5. The method of claim 1, further comprising:

sending the weight to at least one multiplexer by the weight memory; and

the at least one multiplexer selecting the weight or another weight as output weight and sending the output weight to a subset or all of the plurality of the MAC modules or sending the output weight to at least one other multiplexer.

6. The method of claim 5, wherein the at least one multiplexer receives another weight from a weight memory that is different from the weight memory or from other multiplexer.

7. The method of claim 1, wherein the at least one CIM macro comprises an intra macro which comprises a first number of weight memories and a second number of MAC modules, wherein each of the first number of weight memories connects to a MAC module of the second number of MAC modules directly or by at least one multiplexer.

8. The method of claim 1, wherein the at least one CIM macro forms an inter macros, and each CIM macro of the at least one CIM macro comprises a weight memory and a MAC module, wherein each weight memory in the inter macros connects to at least one MAC module in the inter macros directly or by at least one multiplexer.

9. The method of claim 1, wherein the at least one CIM macro comprises at least one intra macro and inter macros, wherein:

each intra macro comprises a plurality of weight memories and a plurality of MAC modules; and

each CIM macro in the inter macros comprises a weight memory and a MAC module,

wherein each weight memory in at least one CIM macro connects to at least one MAC module in at least one CIM macro directly or by at least one multiplexer.

10. The method of claim 1, wherein the method is applied to a convolutional neural network (CNN) application.

11. A computing-in-memory (CIM) macro, comprising:

a plurality of weight memories, each of the plurality of weight memories is configured to store weights; and

a plurality of multiply and accumulation (MAC) modules, wherein each of the plurality of the MAC modules is connected to at least one of the plurality of weight memories directly or by at least one multiplexer to obtain the weights stored by the at least one weight memory.

12. The CIM macro of claim 11, wherein the CIM macro is an intra macro.

13. The CIM macro of claim 11, wherein the CIM macro is a first CIM macro, the first CIM macro comprises a first weight memory which is connected to at least one MAC modules outside the first CIM macro directly or by at least one multiplexer, and the weights stored in the first weight memory are accessed by the at least one MAC modules outside the first CIM macro.

14. The CIM macro of claim 11, wherein when a MAC module is connected to at least one weight memory of the plurality of weight memories by at least one multiplexer, each of the at least one multiplexer is configured to select one of its input weights as output weight and sends the output weight.

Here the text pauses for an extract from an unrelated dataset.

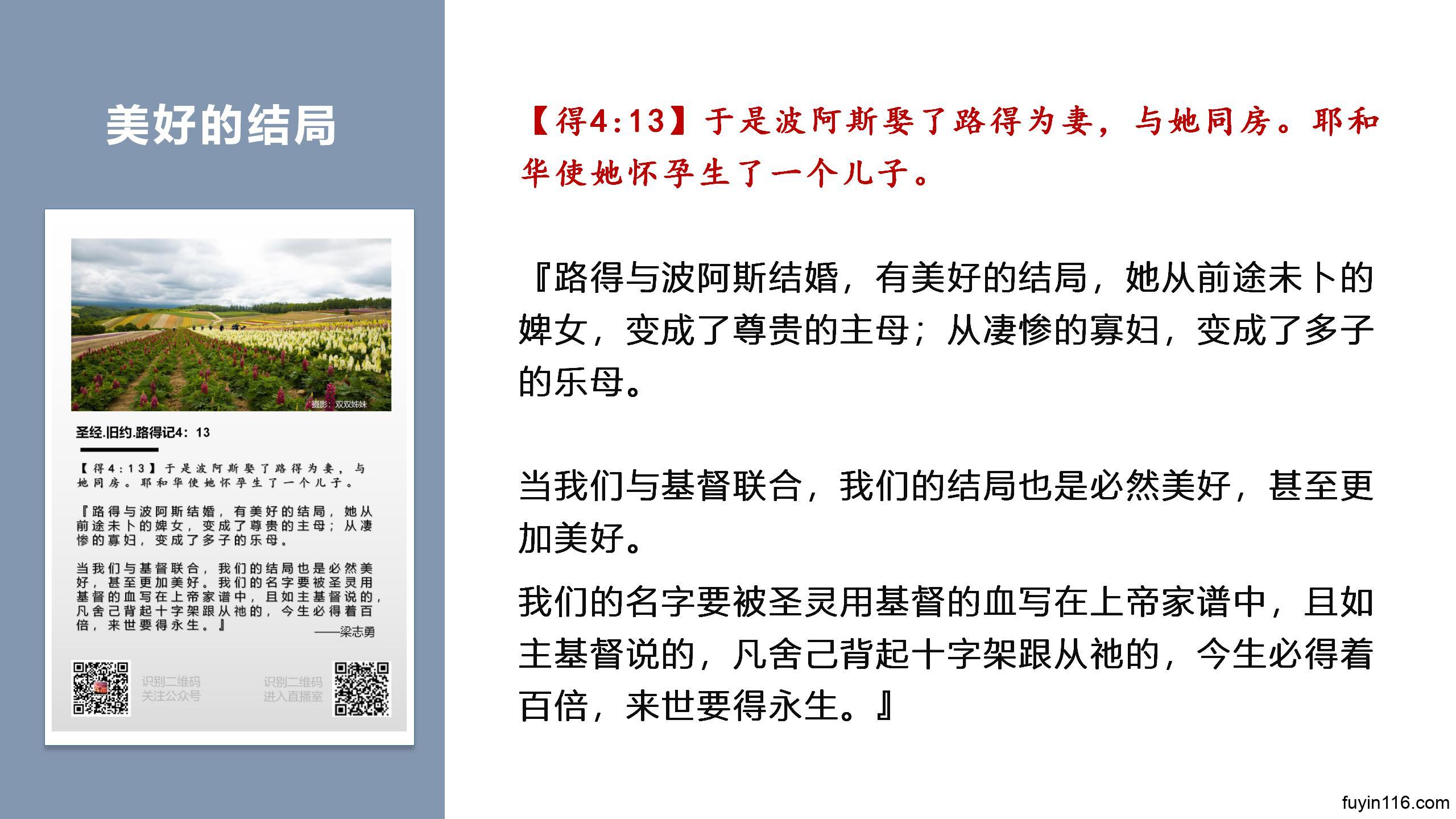 求主让每一个听众,让我们从《路得记》的信息里,信心得坚固,成为紧紧跟随主基督耶稣的人。

15. A computing-in-memory (CIM) macro, comprising:

a weight memory, configured to store weights; and

a multiply and accumulation (MAC) module, connected to the weight memory directly or by a multiplexer,

wherein the weight memory is connected to at least one MAC module outside the CIM macro directly or by at least one multiplexer, and the weights stored in the weight memory are accessed by the at least one MAC module outside the CIM macro.

16. The CIM macro of claim 15, wherein the MAC module is further connected to at least one weight memory outside the CIM macro directly or by at least one multiplexer to obtain the weights stored by the at least one weight memory outside the CIM macro.

17. The CIM macro of claim 15, wherein the CIM macro is a part of inter macros, wherein each CIM macro in the inter macros comprises a weight memory and a MAC module;

Wherein each weight memory in the inter macros is connected to at least one MAC module in the inter macros directly or by at least one multiplexer.

18. The CIM macro of claim 15, wherein when a MAC module is connected to a weight memory by at least one multiplexer, each of the at least one multiplexer is configured to select one of its input weights as output weight and send the output weight.